Une œuvre d'#AnishKapoor vandalisée : "acte d'une violence intolérable" @catherinepegardpic.twitter.com/4toVt3YrVB

— ChateaudeVersailles (@CVersailles) September 6, 2015

(An Anish Kapoor work is vandalised: “an act of intolerable violence.”) A series of sentences, some anti-Semitic, were painted on the abstract sculpture, which stands in the grounds of the Palace of Versailles, near the French capital.

Des tags antisémites sur la sculpture d’Anish Kapoor à Versailles http://t.co/aFnDnjRAP0pic.twitter.com/K2uzqcqUXA

— RFI (@RFI) September 6, 2015

The piece is known informally as “the vagina of the queen, coming into power.” Kapoor has described the steel funnel comprising part of his work as “very sexual,” however there is no clear link between the piece and the anti-Semitic graffiti.

France’s Culture Minister, Fleur Pellerin, condemned the vandalism:
“We will do everything we can to punish the culprits. They risk a seven-year prison sentence and a fine of a hundred thousand euros. And I want these people to be punished. It’s intolerable that there is such behaviour in this country, where culture and freedom of speech are very important.”

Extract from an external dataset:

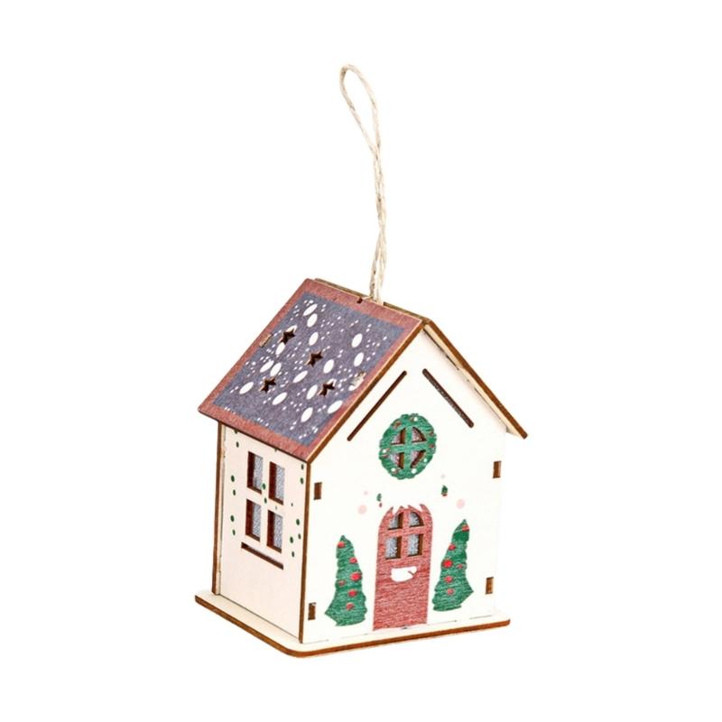 1Piece Glowing Wooden Christmas Cottage Ornament

French President François Hollande tweeted his solidarity with Kapoor and also denounced the “heinous and anti-semitic words which have defaced the work.”

Toute ma solidarité à Anish Kapoor dont l'œuvre a été dégradée et couverte d'inscriptions haineuses et antisémites au @CVersailles.

— François Hollande (@fhollande) September 6, 2015

The steel and rock sculpture was cleaned after being spray-painted in June 2015, a move Kapoor admitted he had questioned at the time.

But, he says these “abominable words” will be left untouched, to “overlay and stigmatise” his work.